Records from a data collection:
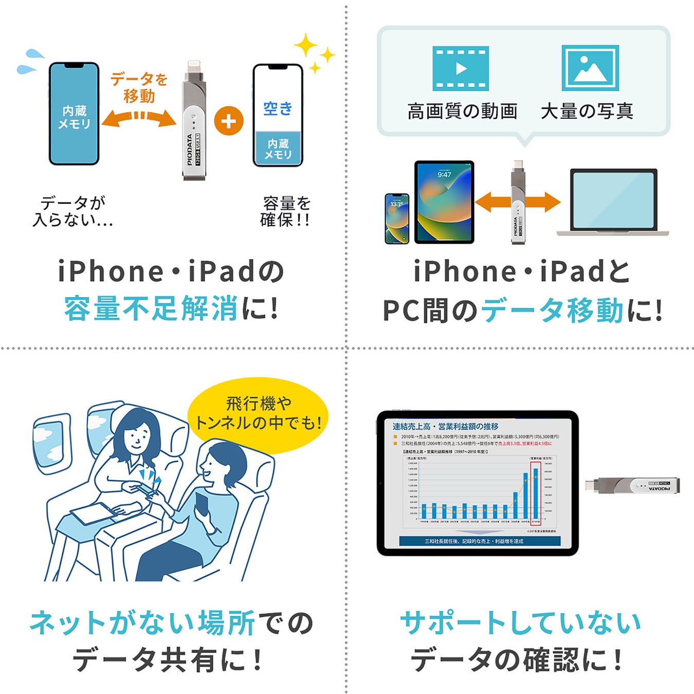 無料iOSアプリ「iXFlash」を使用してiPhone・iPad・iPod touchでのデータ共有、また、USB3.2 Gen1(USB3.1/3.0) Type-Cコネクタを使用して、パソコンとのデータ転送が可能です。
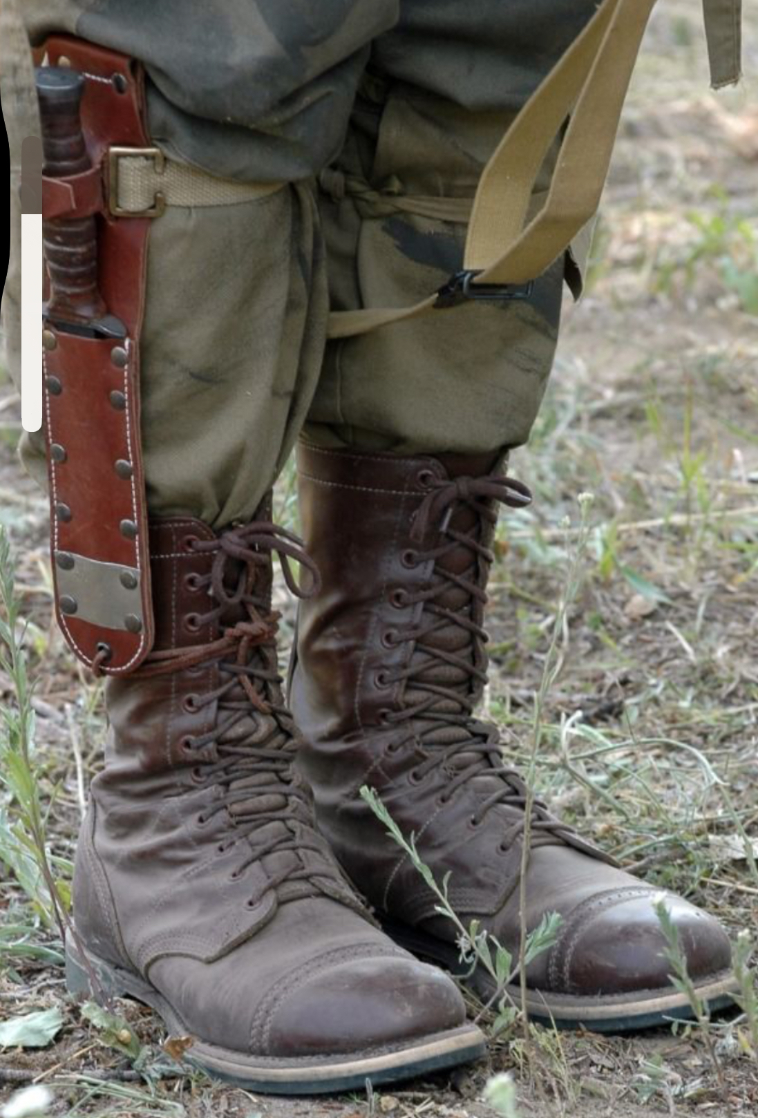 …так он однажды, при переходе, в болотистой местности увяз. Стало немного затягивать. Уцепили его, тащим вдвоём — не идёт. А он старается выбраться, но сам не понимает в чём дело, что держит. Оказалось этой своей игрушкой зацепился за что-то в топи. А как понял это, попытался отцепиться — хрен! Весь в снаряге, а еще и в болоте, не может дотянуться. С горем пополам отцепиться удалось. Вытащили модника. Будь один — кончил бы плохо. Ножны эти он снял в тот же день. Это нам всем стало уроком — носи всё либо в рюкзаке, либо в пределах вытянутой руки.»
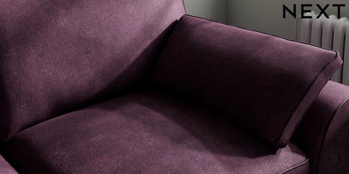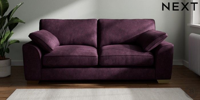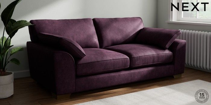 7.3.1 Buy Stamford Grand Relaxed Sit 3 Seater Sofa Plush Chenille Dark Plum Purple Large Square Angle - Brushed Brass from the Next UK online shop Click here to use our accessible website
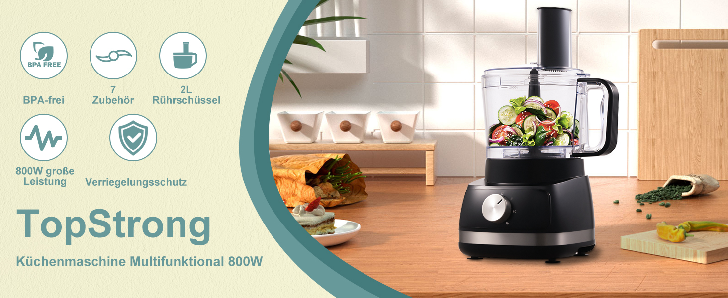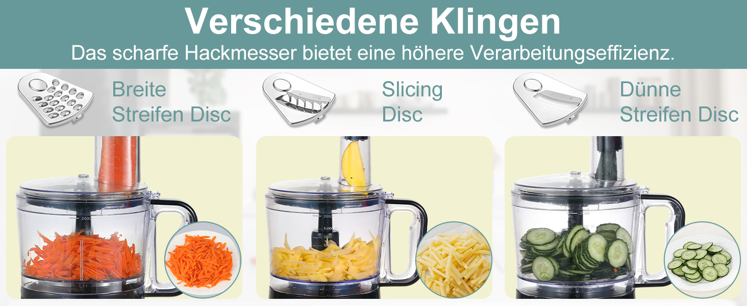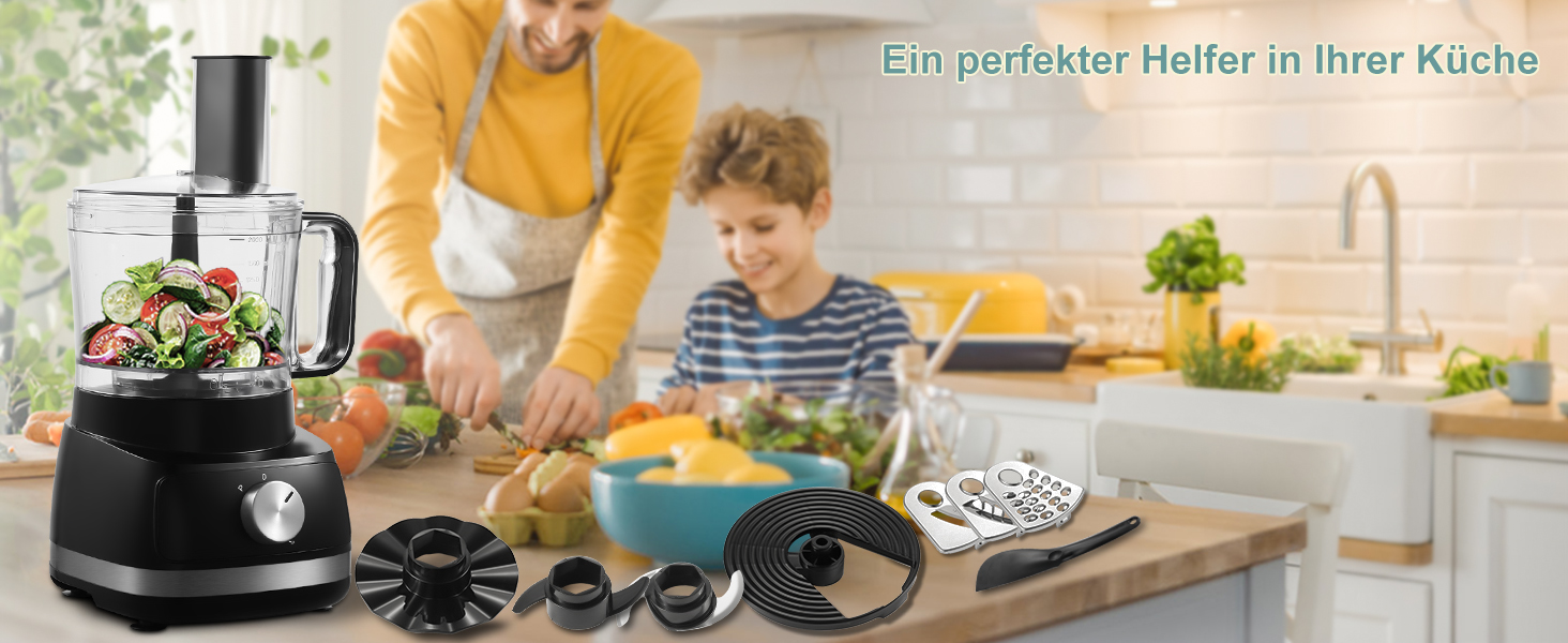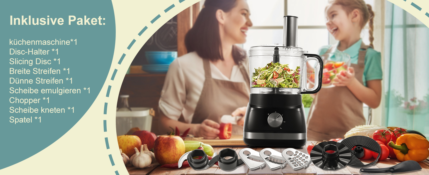 Die multifunktionale küchenmaschine wird mit verschiedenem Zubehör geliefert und damit kann man hacken, fein oder ausgiebig schneiden, mischen, entsaften, Schleifen, verquirlen und kneten. Sie können damit frische und gesunde Säfte, leckere Salate, Kuchen und Kekse und andere Köstlichkeiten zubereiten.
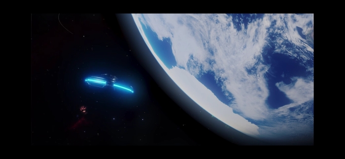 Вступительная сцена с падением летающей тарелки.
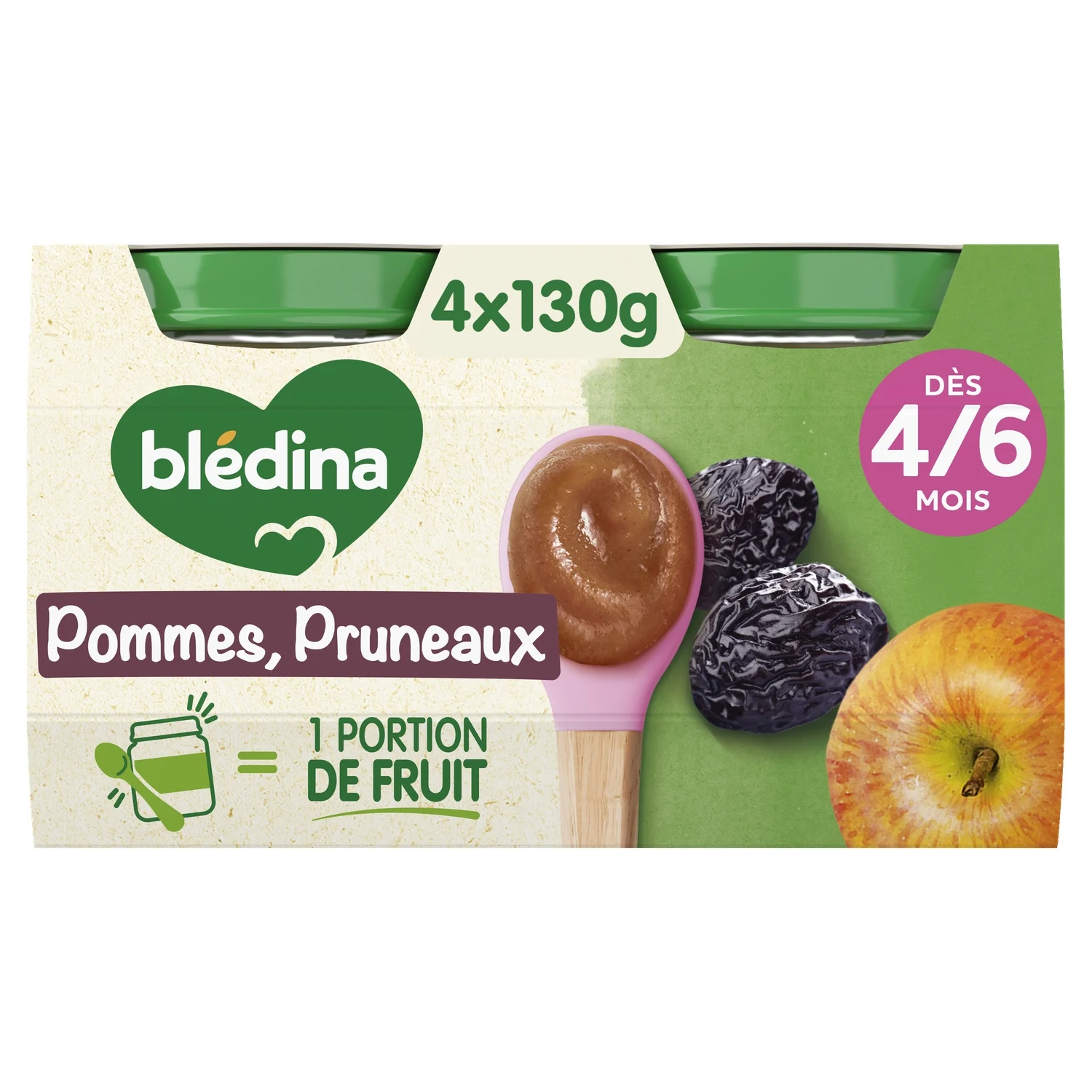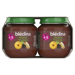 Ingrédients : Purée de pommes 79,0 % – Purée de pruneaux 21,0 % -Antioxydant : Acide ascorbique – SANS GLUTEN
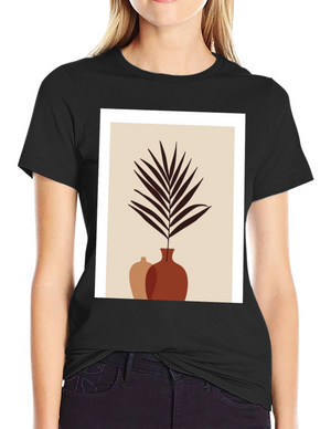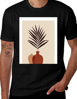 Minimalist Plant Print Black T-Shirt
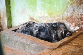 1月14日,動(dòng)物園圈內(nèi)沒(méi)有鋪墊物,野豬躺在食槽內(nèi)。本報(bào)記者劉平攝
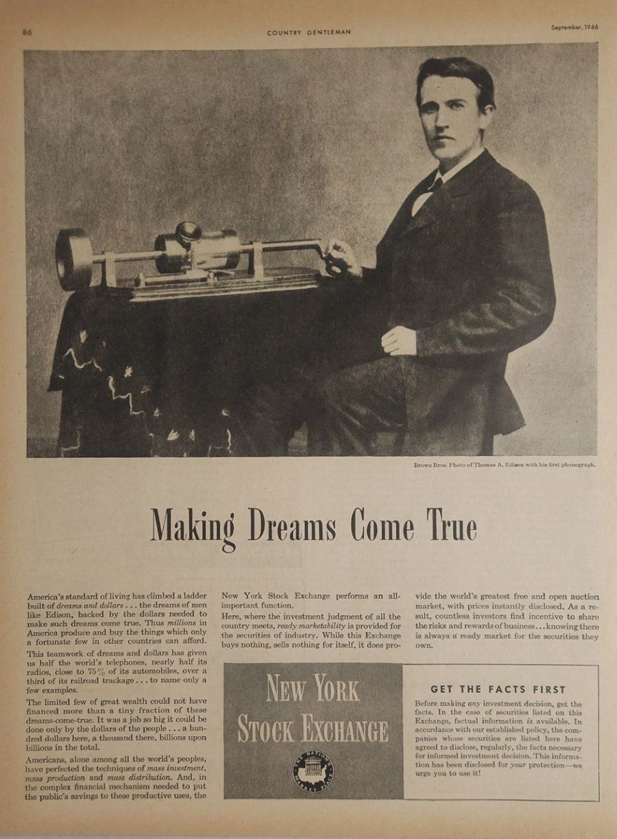 The New York Stock Exchange ad featuring the Mathew Brady 1878 photograph of Edison with his "Brady" tinfoil Phonograph. "Making Dreams Come True." The Country Gentleman, September 1946
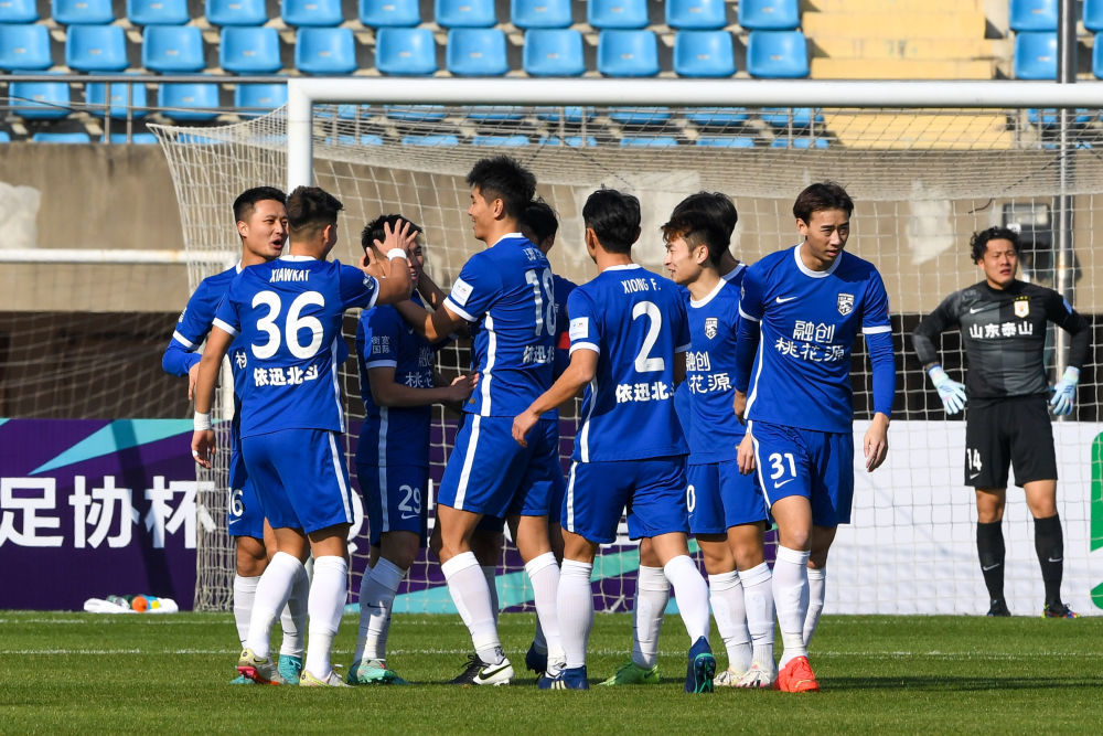 2022中国足协杯四分之一决赛首回合4日在江苏苏州先战两场,山东泰山队3:1击败“全华班”出战的中超新科冠军武汉三镇队,上海申花队5:1大胜沧州雄狮队。
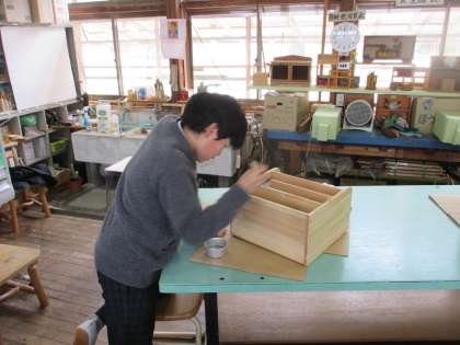 7年生の技術の時間は木材を使って整理棚を制作しています。中に入れるものを想像して、ちょうどいい高さ、幅で木材を切ったり、釘で固定したりして作品を制作しています。今日は仕上げのニス塗をしました。

◆ Directions ◆
All of the data needs repeating exactly, but the pictures do not.

◆ Expected answer ◆
 無料iOSアプリ「iXFlash」を使用してiPhone・iPad・iPod touchでのデータ共有、また、USB3.2 Gen1(USB3.1/3.0) Type-Cコネクタを使用して、パソコンとのデータ転送が可能です。
 …так он однажды, при переходе, в болотистой местности увяз. Стало немного затягивать. Уцепили его, тащим вдвоём — не идёт. А он старается выбраться, но сам не понимает в чём дело, что держит. Оказалось этой своей игрушкой зацепился за что-то в топи. А как понял это, попытался отцепиться — хрен! Весь в снаряге, а еще и в болоте, не может дотянуться. С горем пополам отцепиться удалось. Вытащили модника. Будь один — кончил бы плохо. Ножны эти он снял в тот же день. Это нам всем стало уроком — носи всё либо в рюкзаке, либо в пределах вытянутой руки.»
 7.3.1 Buy Stamford Grand Relaxed Sit 3 Seater Sofa Plush Chenille Dark Plum Purple Large Square Angle - Brushed Brass from the Next UK online shop Click here to use our accessible website
 Die multifunktionale küchenmaschine wird mit verschiedenem Zubehör geliefert und damit kann man hacken, fein oder ausgiebig schneiden, mischen, entsaften, Schleifen, verquirlen und kneten. Sie können damit frische und gesunde Säfte, leckere Salate, Kuchen und Kekse und andere Köstlichkeiten zubereiten.
 Вступительная сцена с падением летающей тарелки.
 Ingrédients : Purée de pommes 79,0 % – Purée de pruneaux 21,0 % -Antioxydant : Acide ascorbique – SANS GLUTEN
 Minimalist Plant Print Black T-Shirt
 1月14日,動(dòng)物園圈內(nèi)沒(méi)有鋪墊物,野豬躺在食槽內(nèi)。本報(bào)記者劉平攝
 The New York Stock Exchange ad featuring the Mathew Brady 1878 photograph of Edison with his "Brady" tinfoil Phonograph. "Making Dreams Come True." The Country Gentleman, September 1946
 2022中国足协杯四分之一决赛首回合4日在江苏苏州先战两场,山东泰山队3:1击败“全华班”出战的中超新科冠军武汉三镇队,上海申花队5:1大胜沧州雄狮队。
 7年生の技術の時間は木材を使って整理棚を制作しています。中に入れるものを想像して、ちょうどいい高さ、幅で木材を切ったり、釘で固定したりして作品を制作しています。今日は仕上げのニス塗をしました。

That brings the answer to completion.